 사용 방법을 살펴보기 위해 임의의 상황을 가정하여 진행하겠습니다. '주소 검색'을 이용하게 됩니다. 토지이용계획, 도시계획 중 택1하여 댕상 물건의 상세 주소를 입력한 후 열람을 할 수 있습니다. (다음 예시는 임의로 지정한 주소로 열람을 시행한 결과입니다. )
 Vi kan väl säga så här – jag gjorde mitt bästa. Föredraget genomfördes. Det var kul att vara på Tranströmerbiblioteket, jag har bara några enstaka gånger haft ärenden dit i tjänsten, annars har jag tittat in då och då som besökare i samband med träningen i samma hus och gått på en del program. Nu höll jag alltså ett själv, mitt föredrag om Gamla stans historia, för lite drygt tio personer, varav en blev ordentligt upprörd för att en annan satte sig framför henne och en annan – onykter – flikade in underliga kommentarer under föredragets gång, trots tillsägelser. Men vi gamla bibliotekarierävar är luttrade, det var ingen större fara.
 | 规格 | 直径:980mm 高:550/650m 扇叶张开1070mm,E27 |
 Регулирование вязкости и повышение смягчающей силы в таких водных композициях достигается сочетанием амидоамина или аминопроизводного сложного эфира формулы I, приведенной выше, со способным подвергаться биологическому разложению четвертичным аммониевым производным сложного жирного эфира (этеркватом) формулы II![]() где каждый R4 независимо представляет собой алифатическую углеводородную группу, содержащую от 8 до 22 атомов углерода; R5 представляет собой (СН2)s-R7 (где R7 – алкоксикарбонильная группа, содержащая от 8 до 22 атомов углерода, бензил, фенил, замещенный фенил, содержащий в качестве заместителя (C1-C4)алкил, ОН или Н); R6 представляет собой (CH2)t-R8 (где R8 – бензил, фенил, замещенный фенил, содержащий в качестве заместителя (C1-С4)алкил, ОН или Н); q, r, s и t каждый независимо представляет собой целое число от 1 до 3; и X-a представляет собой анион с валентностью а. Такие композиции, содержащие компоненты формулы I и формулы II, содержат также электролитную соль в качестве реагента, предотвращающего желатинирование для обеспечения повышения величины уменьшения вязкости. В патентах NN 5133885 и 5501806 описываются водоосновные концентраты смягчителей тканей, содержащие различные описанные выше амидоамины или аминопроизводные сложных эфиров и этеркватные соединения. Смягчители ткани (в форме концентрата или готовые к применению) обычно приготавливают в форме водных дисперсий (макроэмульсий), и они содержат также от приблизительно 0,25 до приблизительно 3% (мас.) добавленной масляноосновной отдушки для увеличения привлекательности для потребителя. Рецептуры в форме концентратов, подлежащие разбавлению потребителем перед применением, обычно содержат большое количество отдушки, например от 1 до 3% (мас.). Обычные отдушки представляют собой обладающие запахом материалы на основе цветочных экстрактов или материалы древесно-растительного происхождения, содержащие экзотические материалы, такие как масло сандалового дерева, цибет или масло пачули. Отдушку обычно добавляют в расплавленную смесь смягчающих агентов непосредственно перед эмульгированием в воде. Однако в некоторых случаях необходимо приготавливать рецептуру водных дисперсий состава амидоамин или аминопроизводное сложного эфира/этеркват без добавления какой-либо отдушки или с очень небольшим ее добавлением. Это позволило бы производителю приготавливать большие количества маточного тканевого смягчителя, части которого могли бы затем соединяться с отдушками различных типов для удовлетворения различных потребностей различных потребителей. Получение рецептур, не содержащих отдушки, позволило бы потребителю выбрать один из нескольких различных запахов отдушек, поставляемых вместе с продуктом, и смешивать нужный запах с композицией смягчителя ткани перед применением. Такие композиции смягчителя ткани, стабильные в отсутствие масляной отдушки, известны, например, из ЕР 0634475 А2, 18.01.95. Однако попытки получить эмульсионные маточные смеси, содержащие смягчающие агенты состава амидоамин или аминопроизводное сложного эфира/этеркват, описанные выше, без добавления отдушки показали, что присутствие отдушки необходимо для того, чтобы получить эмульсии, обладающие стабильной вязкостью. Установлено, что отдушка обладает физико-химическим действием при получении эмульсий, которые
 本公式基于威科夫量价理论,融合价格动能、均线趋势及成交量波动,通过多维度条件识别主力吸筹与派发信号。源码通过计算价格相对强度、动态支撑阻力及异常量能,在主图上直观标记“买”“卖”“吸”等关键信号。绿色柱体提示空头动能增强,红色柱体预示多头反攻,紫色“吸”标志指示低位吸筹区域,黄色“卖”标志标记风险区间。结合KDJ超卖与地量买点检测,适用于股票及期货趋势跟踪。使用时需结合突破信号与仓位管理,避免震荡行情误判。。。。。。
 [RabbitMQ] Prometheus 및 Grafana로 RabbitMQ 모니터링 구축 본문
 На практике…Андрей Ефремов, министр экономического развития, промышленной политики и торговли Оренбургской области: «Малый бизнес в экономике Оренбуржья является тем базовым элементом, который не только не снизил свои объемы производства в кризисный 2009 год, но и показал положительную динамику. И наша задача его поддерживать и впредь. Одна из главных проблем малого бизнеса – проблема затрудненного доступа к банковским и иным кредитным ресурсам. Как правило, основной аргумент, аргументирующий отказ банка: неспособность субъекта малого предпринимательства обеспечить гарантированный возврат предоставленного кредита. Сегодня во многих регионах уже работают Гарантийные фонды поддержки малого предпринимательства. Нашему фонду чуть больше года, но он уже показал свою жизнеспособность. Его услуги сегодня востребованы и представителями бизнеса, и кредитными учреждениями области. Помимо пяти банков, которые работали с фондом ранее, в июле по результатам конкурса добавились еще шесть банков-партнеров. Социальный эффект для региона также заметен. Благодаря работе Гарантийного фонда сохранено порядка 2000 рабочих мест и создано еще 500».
---
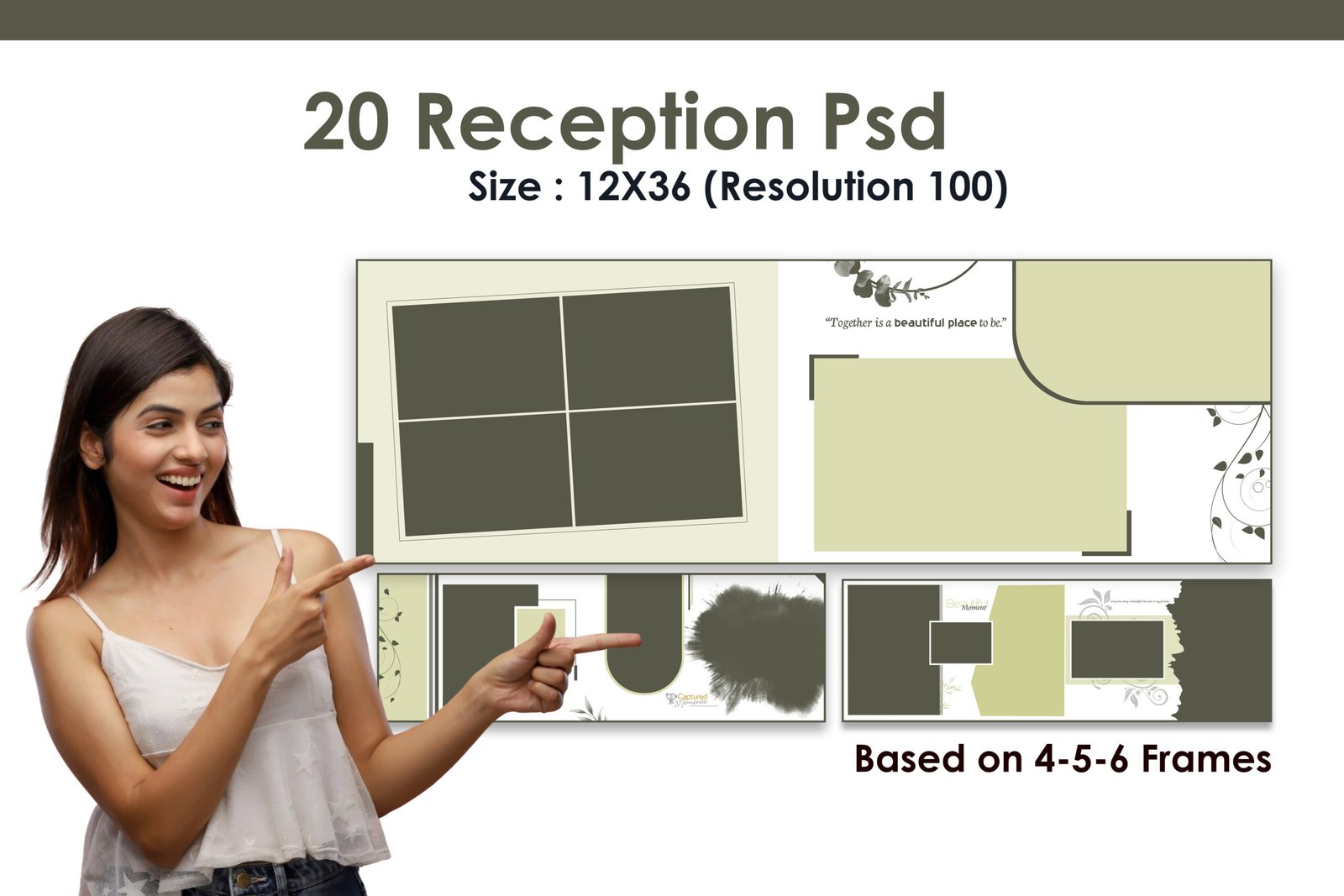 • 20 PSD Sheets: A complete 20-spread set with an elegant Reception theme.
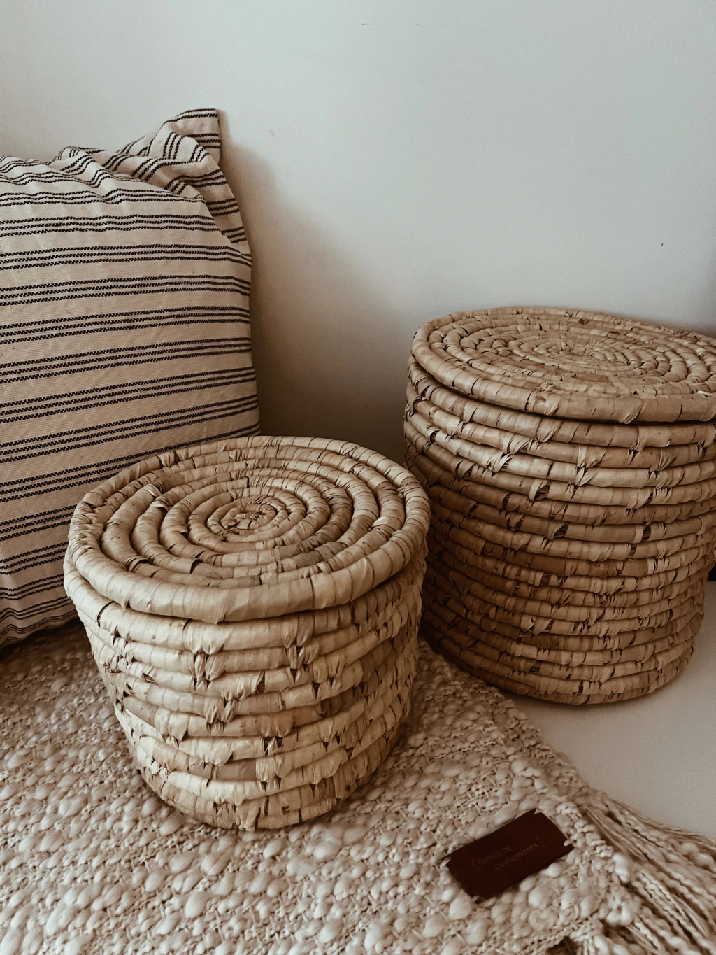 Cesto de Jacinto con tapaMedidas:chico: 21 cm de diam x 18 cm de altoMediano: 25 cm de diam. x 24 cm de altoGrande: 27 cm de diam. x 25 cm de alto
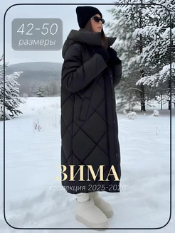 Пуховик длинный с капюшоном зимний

Exercise instructions -> Out of the entries above, write out only the lines between the line holding "사용 방법을 살펴보기" and the line holding "高:550/650m 扇叶张开1070mm,E27 |", inclusive, each exactly as given.

Answer ->
 사용 방법을 살펴보기 위해 임의의 상황을 가정하여 진행하겠습니다. '주소 검색'을 이용하게 됩니다. 토지이용계획, 도시계획 중 택1하여 댕상 물건의 상세 주소를 입력한 후 열람을 할 수 있습니다. (다음 예시는 임의로 지정한 주소로 열람을 시행한 결과입니다. )
 Vi kan väl säga så här – jag gjorde mitt bästa. Föredraget genomfördes. Det var kul att vara på Tranströmerbiblioteket, jag har bara några enstaka gånger haft ärenden dit i tjänsten, annars har jag tittat in då och då som besökare i samband med träningen i samma hus och gått på en del program. Nu höll jag alltså ett själv, mitt föredrag om Gamla stans historia, för lite drygt tio personer, varav en blev ordentligt upprörd för att en annan satte sig framför henne och en annan – onykter – flikade in underliga kommentarer under föredragets gång, trots tillsägelser. Men vi gamla bibliotekarierävar är luttrade, det var ingen större fara.
 | 规格 | 直径:980mm 高:550/650m 扇叶张开1070mm,E27 |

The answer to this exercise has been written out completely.